The main bank appears to have adopted a monetary policy stance with a longer-term horizon through greater use of medium-long term refinancing operations and the announcement three months in advance of a selective cut in the compulsory reserve rate. It is believed that during 2018 the PBoC will maintain monetary policy stance essentially unchanged, providing an adequate level of liquidity to the market but maintaining moderately higher rates than last year, particularly on longer maturities. The intention, reaffirmed by the Authorities, to limit the rise in house prices and, more generally, to contain financial risks, heralds moderately higher rates in the coming quarters and a slowdown in credit which will progressively remove support for investments. Analysts expect that investment in public infrastructure and services, on which the government continues to focus, will not be able to fully compensate for the deceleration in investment in the real estate and manufacturing sectors. Here then is that promises a scenario of moderate slowdown in economic growth to 6,4% in course this year and at 6,2% in 2019. 

GROWTH CONTINUES IN INDIA TOO

 At the same time, during the third quarter of 2017 ithe GDP Indian è accelerated al 6,3%, when the deceleration in consumption was offset by a moderate recovery in investments and the accumulation of inventories, while exports provided a negative contribution to growth. On the supply side, there is a rebound in value added in the industrial sector, a slowdown in the agricultural sector and still high growth, albeit slightly slowing down, in the services sector. Monthly macroeconomic data have reported a further improvement in the manufacturing sector and a still good but less rosy situation than in previous quarters in the services sector. In fact, consumer confidence remains in the pessimistic zone (below 100) and at its lowest level since the beginning of 2014: i consumers complain of a worsening of the general economic situation and of the labor market, even if spending intentions remain on the rise.
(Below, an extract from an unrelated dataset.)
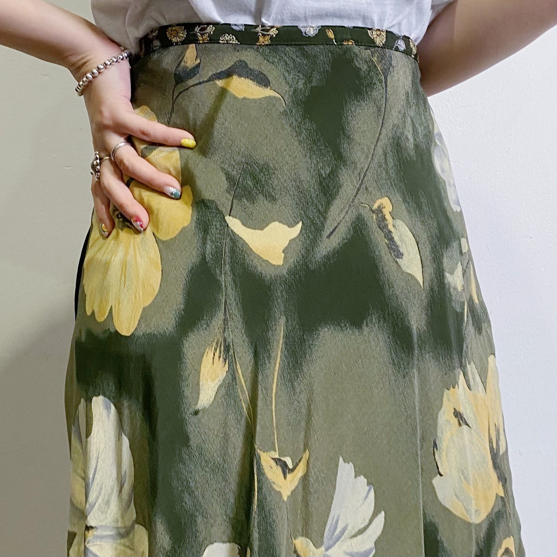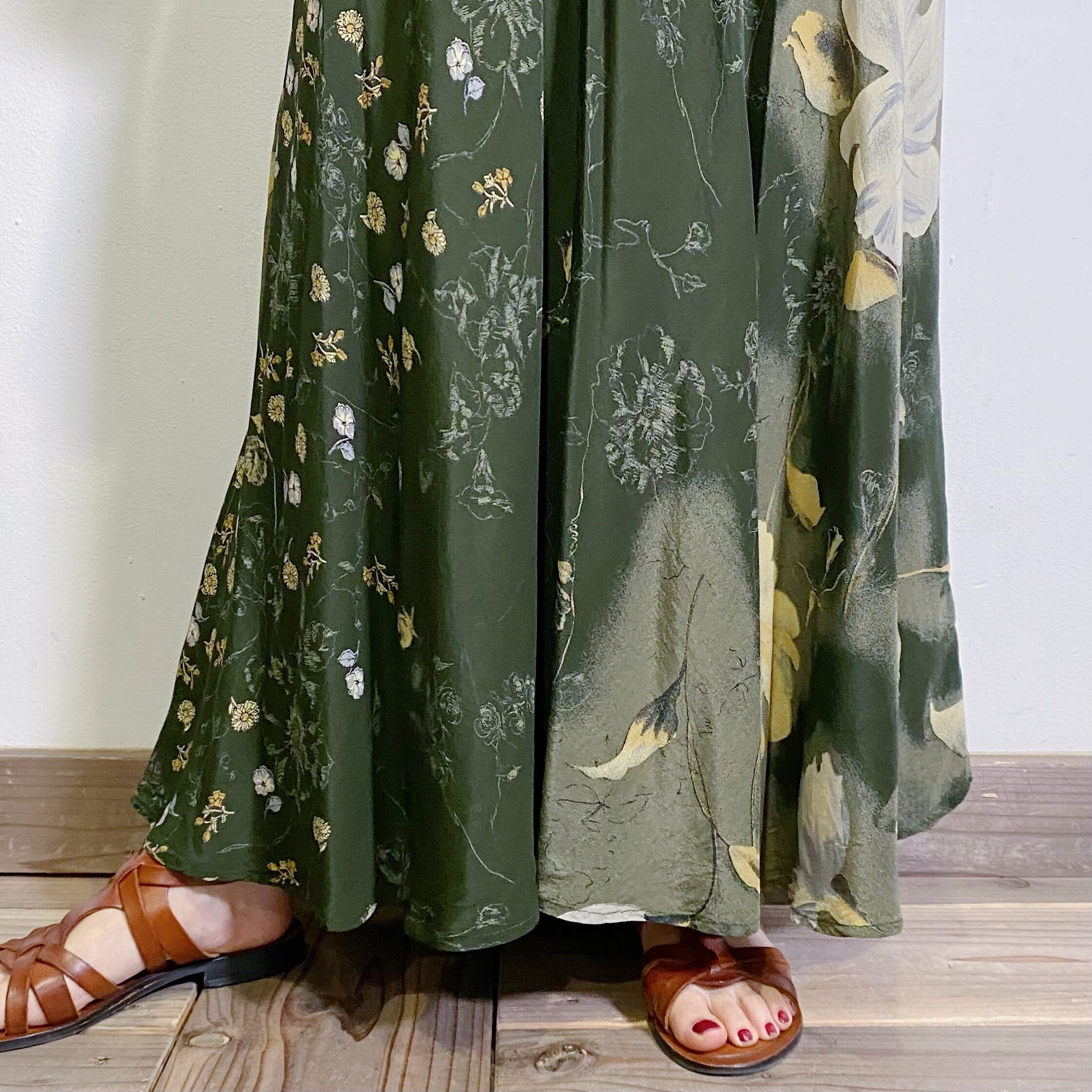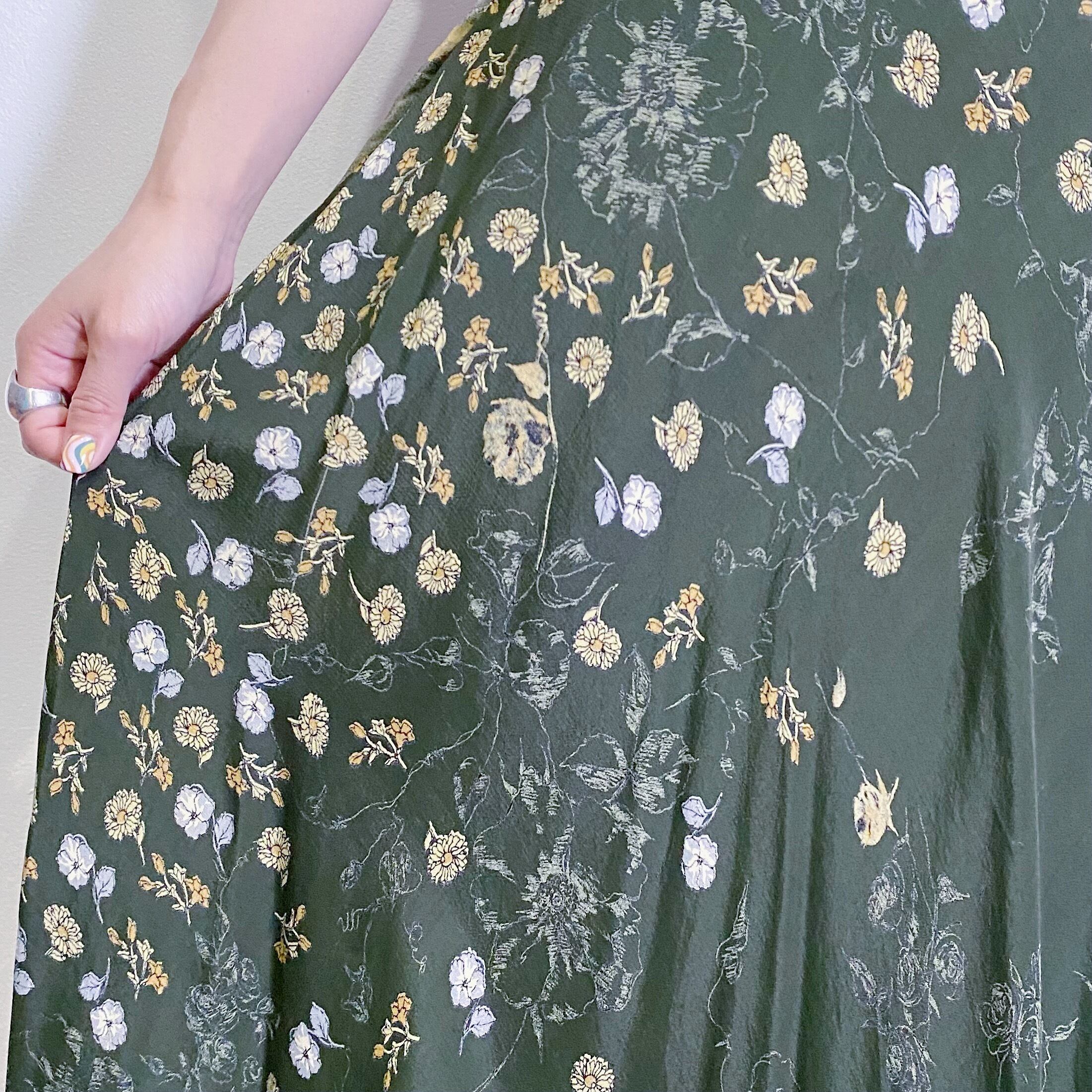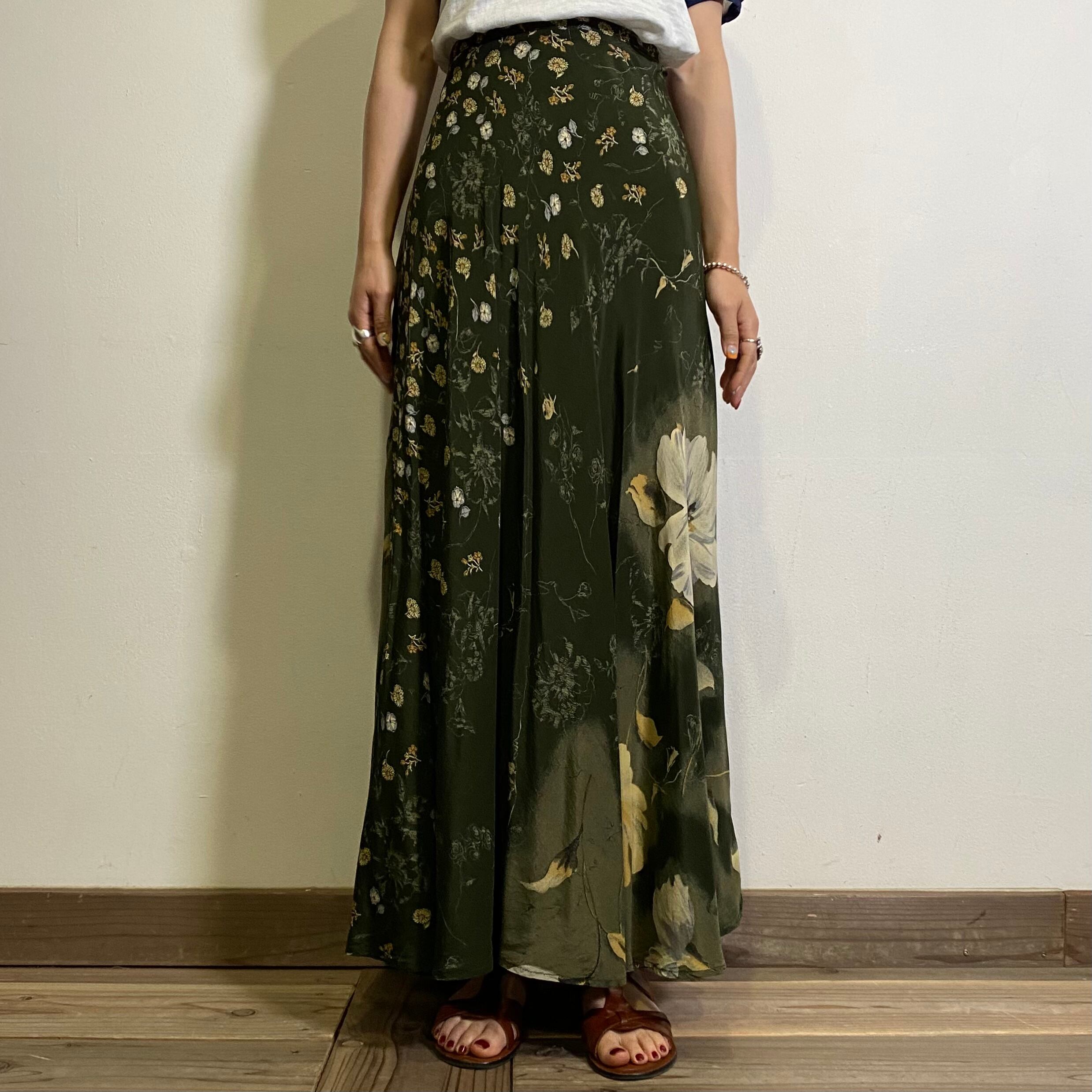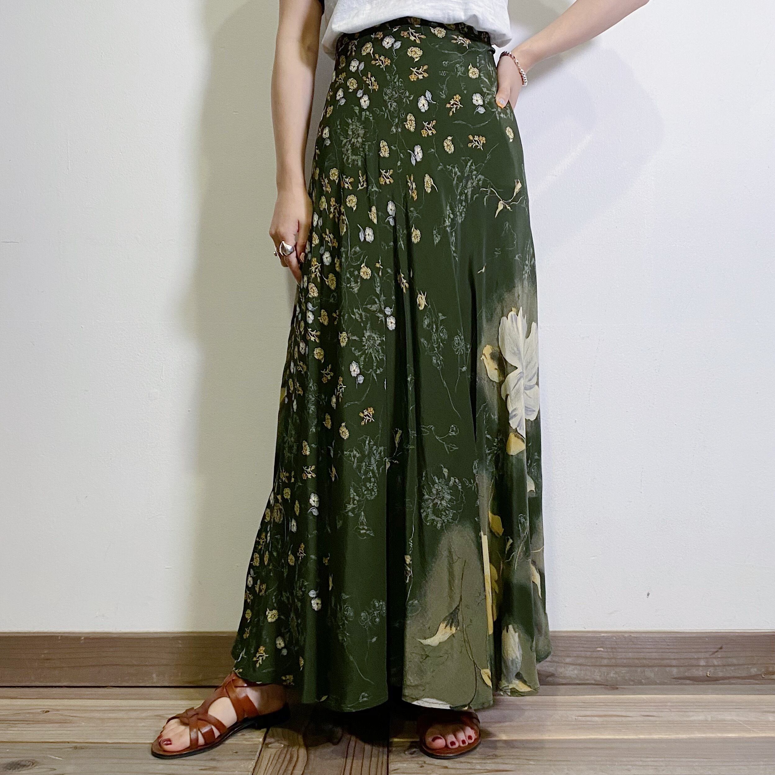 90s green flower rayon long skirt

Consumer price inflation rose from 3,3% in August to 4,9% in September, driven upwards mainly by increases in food prices and fuel and electricity prices. Analysts expect inflation to average 3,3% in 2017 and rise to 5% in 2018 while staying within the central bank's target range. 

The current account balance deteriorated slightly in course of the third quarter (1,4%), due to a greater deficit in the trade balance determined by the greater increase in imports compared to exports, especially of goods. The still weak performance of foreign orders and the expected recovery of domestic demand together with the increase in the price of oil could lead to a further limited increase in the coming quarters, bringing investors' attention back to the "twin deficits”, i.e. the correlation between the government deficit and that of the current account. In this context and with inflation on the rise, analysts believe that the Central Bank it will keep rates steady over the next few quarters, with a possible rise in the second half of this year, and with further reforms to favor the transmission of monetary policy to bank rates. 

I downside risks on the performance of the agricultural sector and consumption lead to maintain growth forecasts for the year 2017 to 6,4%, with a scenario of moderate acceleration of GDP growth to 7,2% this year and 7,4% in 2019 thanks to the support of fiscal policy and a slow recovery in investments favored by the long-term effects of the reforms implemented in the last few years.